◆ WHAT YOU ARE ASKED TO DO ◆
Output the data below exactly, without images.

◆ DATA BLOCK ◆
──────

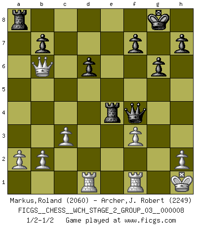 Last move : 1/2-1/2 2011 July 30 23:30:30 [Event "FICGS__CHESS__WCH_STAGE_2_GROUP_03__000008"] [Site "FICGS"] [Date "2011.04.03"] [Round "1"] [White "Markus,Roland"] [Black "Archer,J. Robert"] [Result "1/2-1/2"] [WhiteElo "2060"] [BlackElo "2249"] 1.e4 e5 2.Nf3 Nc6 3.d4 exd4 4.Nxd4 Bc5 5.Be3 Qf6 6.c3 Nge7 7.Bc4 Ne5 8.Be2 Qg6 9.O-O d6 10.f3 O-O 11.Nd2 d5 12.Kh1 dxe4 13.fxe4 Bg4 14.Bf4 Bxe2 15.Qxe2 Bd6 16.Nb5 N7c6 17.Rad1 Rad8 18.Nf3 Rfe8 19.Nxd6 cxd6 20.Bxe5 Nxe5 21.Nh4 Qg4 22.Qf2 g6 23.Nf3 Nxf3 24.gxf3 Qf4 25.Qxa7 Ra8 26.Qb6 Rxe4 1/2-1/2 Scotch game Kingside Castling by player White (move 9) Kingside Castling by player Black (move 10) This chess game ended in a draw. Follow this game move after move (download)As one by one I mowed them down, my superiority soon became apparent. (Jose Capablanca) Bis jetzt ist Weiß einer wohlbekannten Analyse gefolgt. Aber jetzt begeht er einen schrecklichen Fehler: Er beginnt seinen eigenen Kopf zu benutzen. (Siegbert Tarrasch) Los errores estan ahí, esperando a que se cometan. (Savielly Tartakower) Vous savez, camarade Pachman, je n'éprouve pas de plaisir à être ministre, je jouerais plutôt aux échecs comme vous, ou alors ferais une révolution au Venezuela. (Che Guevara à Ludek Pachman, 'Checkmate in Prague', 1975) Ah, the Socrating method. The best way we have of teaching everything-apart from juggling chainsaws. (Gregory House, House M.D.)
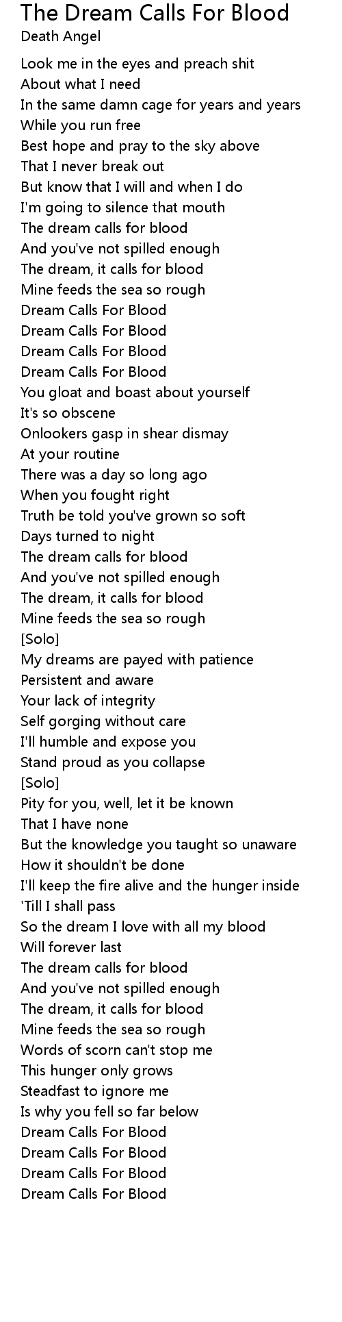 Dream Calls For Blood |
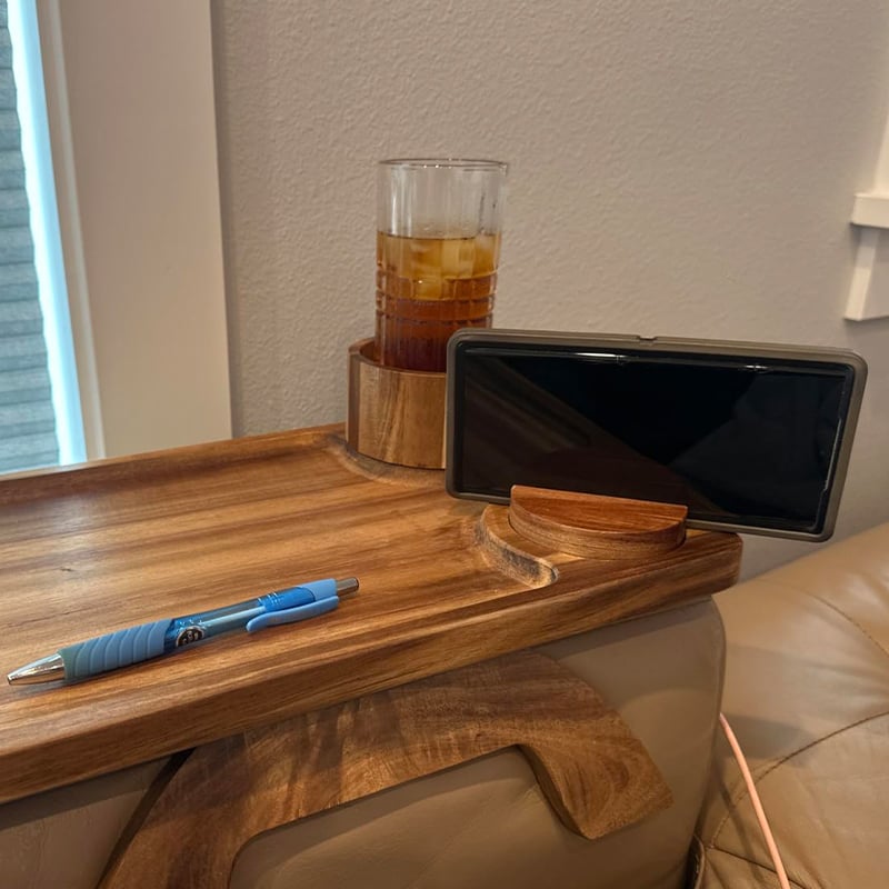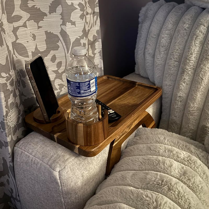 “This thing is genius! I can keep my coffee secure in the holder, my phone visible at the perfect angle, AND have space for snacks. No more getting up every 5 minutes or knocking things over. Best purchase I've made for my living room in years.”
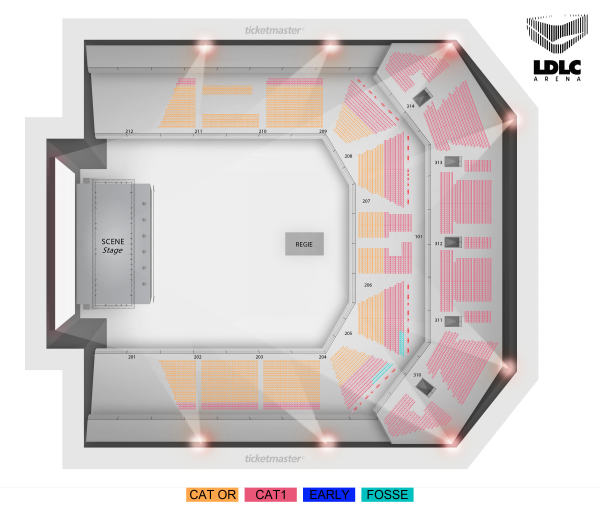 Catégorie Or : Places assises numérotées Catégorie 1 : Places assises numérotées Debout : Placement libre debout Early Access Debout : Placement libre debout - Accès prioritaire 30 min avant l'ouverture des portes, priorité non garantie au delà. Personne en mobilité Réduite (PMR) : Personne ayant besoin d'un accès réservé et aménagé permettant l'installation de son fauteuil roulant dans une zone dédiée, afin de garantir un espace adapté, sécurisé et confortable. Un justificatif sera demandé à l'entrée. Accompagnateur PMR : une place réservée à une personne qui accompagne un spectateur en situation de handicap en fauteuil roulant. Personne en situation de Handicap (PSH) : Personne présentant un handicap et ayant besoin d'un siège réservé et garantissant un accès adapté, sécurisé et confortable. Un justificatif sera demandé à l'entrée. Vous avez la possibilité d'être accompagné.e dans la limite d'un accompagnant.

──────

◆ EXPECTED ANSWER ◆
 Last move : 1/2-1/2 2011 July 30 23:30:30 [Event "FICGS__CHESS__WCH_STAGE_2_GROUP_03__000008"] [Site "FICGS"] [Date "2011.04.03"] [Round "1"] [White "Markus,Roland"] [Black "Archer,J. Robert"] [Result "1/2-1/2"] [WhiteElo "2060"] [BlackElo "2249"] 1.e4 e5 2.Nf3 Nc6 3.d4 exd4 4.Nxd4 Bc5 5.Be3 Qf6 6.c3 Nge7 7.Bc4 Ne5 8.Be2 Qg6 9.O-O d6 10.f3 O-O 11.Nd2 d5 12.Kh1 dxe4 13.fxe4 Bg4 14.Bf4 Bxe2 15.Qxe2 Bd6 16.Nb5 N7c6 17.Rad1 Rad8 18.Nf3 Rfe8 19.Nxd6 cxd6 20.Bxe5 Nxe5 21.Nh4 Qg4 22.Qf2 g6 23.Nf3 Nxf3 24.gxf3 Qf4 25.Qxa7 Ra8 26.Qb6 Rxe4 1/2-1/2 Scotch game Kingside Castling by player White (move 9) Kingside Castling by player Black (move 10) This chess game ended in a draw. Follow this game move after move (download)As one by one I mowed them down, my superiority soon became apparent. (Jose Capablanca) Bis jetzt ist Weiß einer wohlbekannten Analyse gefolgt. Aber jetzt begeht er einen schrecklichen Fehler: Er beginnt seinen eigenen Kopf zu benutzen. (Siegbert Tarrasch) Los errores estan ahí, esperando a que se cometan. (Savielly Tartakower) Vous savez, camarade Pachman, je n'éprouve pas de plaisir à être ministre, je jouerais plutôt aux échecs comme vous, ou alors ferais une révolution au Venezuela. (Che Guevara à Ludek Pachman, 'Checkmate in Prague', 1975) Ah, the Socrating method. The best way we have of teaching everything-apart from juggling chainsaws. (Gregory House, House M.D.)
 Dream Calls For Blood |
 “This thing is genius! I can keep my coffee secure in the holder, my phone visible at the perfect angle, AND have space for snacks. No more getting up every 5 minutes or knocking things over. Best purchase I've made for my living room in years.”
 Catégorie Or : Places assises numérotées Catégorie 1 : Places assises numérotées Debout : Placement libre debout Early Access Debout : Placement libre debout - Accès prioritaire 30 min avant l'ouverture des portes, priorité non garantie au delà. Personne en mobilité Réduite (PMR) : Personne ayant besoin d'un accès réservé et aménagé permettant l'installation de son fauteuil roulant dans une zone dédiée, afin de garantir un espace adapté, sécurisé et confortable. Un justificatif sera demandé à l'entrée. Accompagnateur PMR : une place réservée à une personne qui accompagne un spectateur en situation de handicap en fauteuil roulant. Personne en situation de Handicap (PSH) : Personne présentant un handicap et ayant besoin d'un siège réservé et garantissant un accès adapté, sécurisé et confortable. Un justificatif sera demandé à l'entrée. Vous avez la possibilité d'être accompagné.e dans la limite d'un accompagnant.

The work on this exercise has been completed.